TASK REQUIREMENTS: Of the entries below, restate word for word only the section that runs from the line with "Klemspot med kromarm" to the line with "Taburete alto metálico", counting both ends.

(TASK INPUT begins)

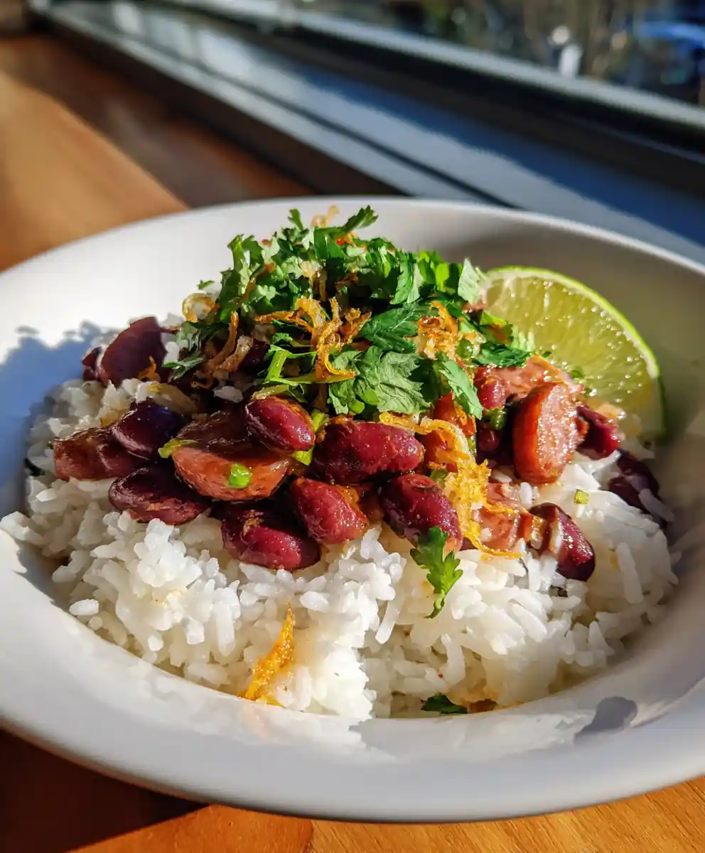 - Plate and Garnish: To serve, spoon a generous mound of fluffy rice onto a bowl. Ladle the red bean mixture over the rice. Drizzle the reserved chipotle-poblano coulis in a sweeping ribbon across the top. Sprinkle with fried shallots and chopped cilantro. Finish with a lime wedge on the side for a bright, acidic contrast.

(TASK INPUT ends)
(TASK INPUT begins)

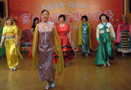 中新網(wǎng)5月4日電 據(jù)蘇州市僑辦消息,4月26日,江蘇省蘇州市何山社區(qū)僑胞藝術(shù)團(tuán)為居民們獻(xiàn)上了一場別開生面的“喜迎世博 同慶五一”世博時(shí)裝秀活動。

(TASK INPUT ends)
(TASK INPUT begins)

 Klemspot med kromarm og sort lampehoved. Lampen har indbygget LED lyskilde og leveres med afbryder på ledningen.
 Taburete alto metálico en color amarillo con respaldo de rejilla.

(TASK INPUT ends)

RESPONSE AREA:
 Klemspot med kromarm og sort lampehoved. Lampen har indbygget LED lyskilde og leveres med afbryder på ledningen.
 Taburete alto metálico en color amarillo con respaldo de rejilla.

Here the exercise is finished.